Problem - Your response is a verbatim copy of the listing, stripped of its images.

(The data begins)

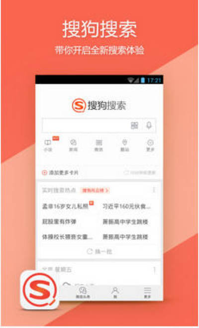 集成美食、电影、酒店、团购、足疗、家政等众多生活服务,生活琐事搜狗搜索帮你一键解决。
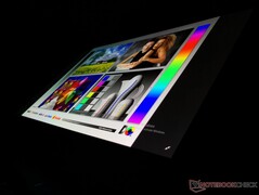 Die Lesbarkeit im Freien ist im Schatten besser als beim matten IPS-Panel des Nightsky Ti15. Aufgrund des stärker reflektierenden OLED-Displays ist die Lesbarkeit im Freien an sonnigen und bewölkten Tagen hingegen weder besser noch schlechter als beim zuvor erwähnten Nightsky Ti15. Die großen Blickwinkel sind mit denen des Dell XPS 15 7590 identisch.
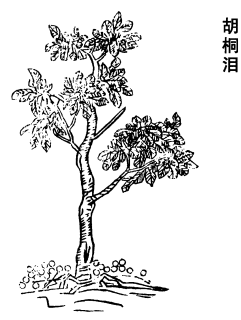 《图经》曰:胡桐泪,出肃州以西平泽及山谷中,今西蕃亦有商人货之者。相传其木甚高大,皮似白杨、青桐辈。其叶初生似柳,渐大则似桑、桐辈。其津液沦入地中,与大石相著,冬月采得之,状如黄矾、姜石,味极咸苦,得水便消,如消石也。古方稀用,今治口齿家为最要之物。一名胡桐律。律、泪声近也。然有一种木律极相类,不堪用也。
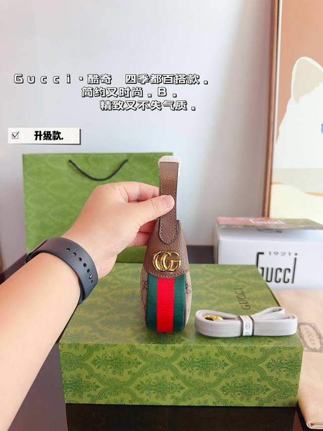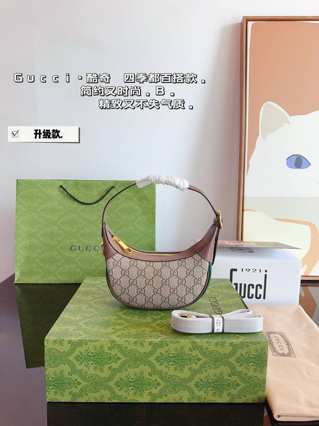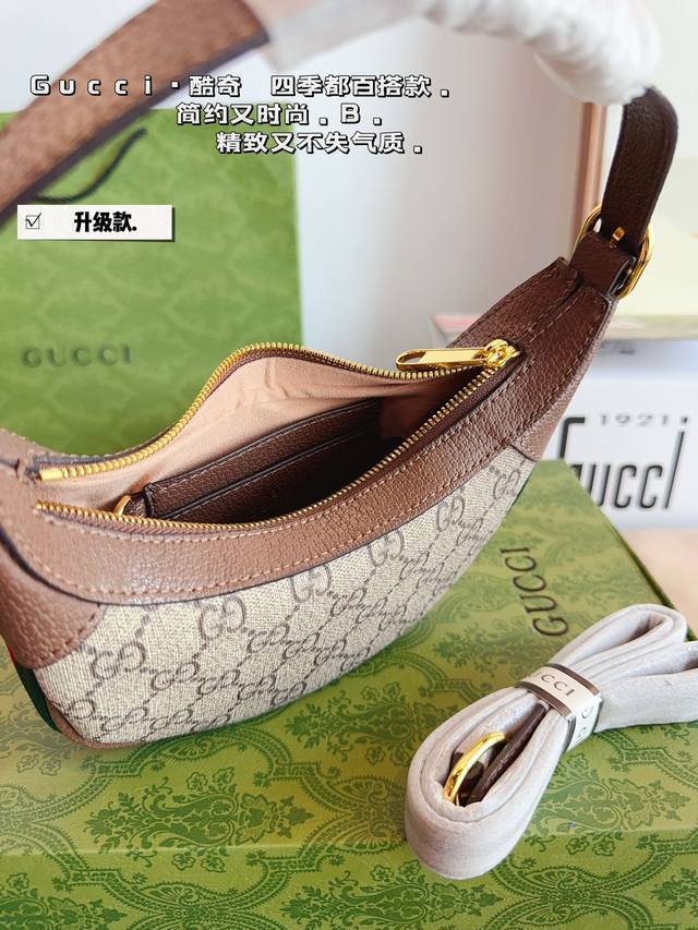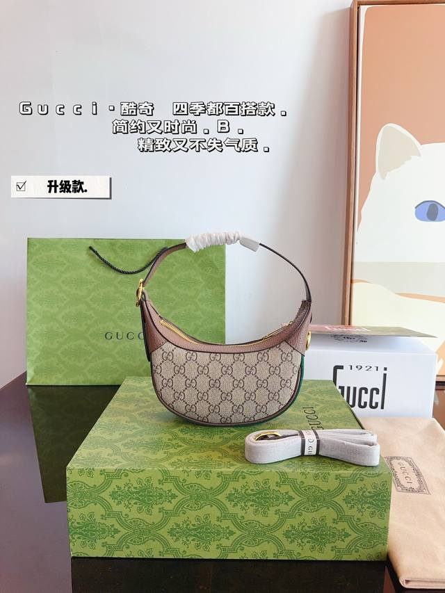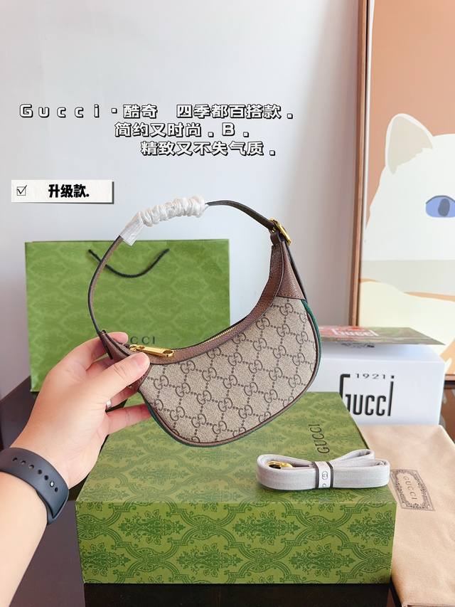 配礼盒 Gucci 古驰半月牙 腋下包单肩斜挎包手袋腋下包 可以 美到无法无天的款式 今年简直引领时尚最in元素 上身超级好看 尺寸:17*5*10Cm

(The data ends)

Solution below -
 集成美食、电影、酒店、团购、足疗、家政等众多生活服务,生活琐事搜狗搜索帮你一键解决。
 Die Lesbarkeit im Freien ist im Schatten besser als beim matten IPS-Panel des Nightsky Ti15. Aufgrund des stärker reflektierenden OLED-Displays ist die Lesbarkeit im Freien an sonnigen und bewölkten Tagen hingegen weder besser noch schlechter als beim zuvor erwähnten Nightsky Ti15. Die großen Blickwinkel sind mit denen des Dell XPS 15 7590 identisch.
 《图经》曰:胡桐泪,出肃州以西平泽及山谷中,今西蕃亦有商人货之者。相传其木甚高大,皮似白杨、青桐辈。其叶初生似柳,渐大则似桑、桐辈。其津液沦入地中,与大石相著,冬月采得之,状如黄矾、姜石,味极咸苦,得水便消,如消石也。古方稀用,今治口齿家为最要之物。一名胡桐律。律、泪声近也。然有一种木律极相类,不堪用也。
 配礼盒 Gucci 古驰半月牙 腋下包单肩斜挎包手袋腋下包 可以 美到无法无天的款式 今年简直引领时尚最in元素 上身超级好看 尺寸:17*5*10Cm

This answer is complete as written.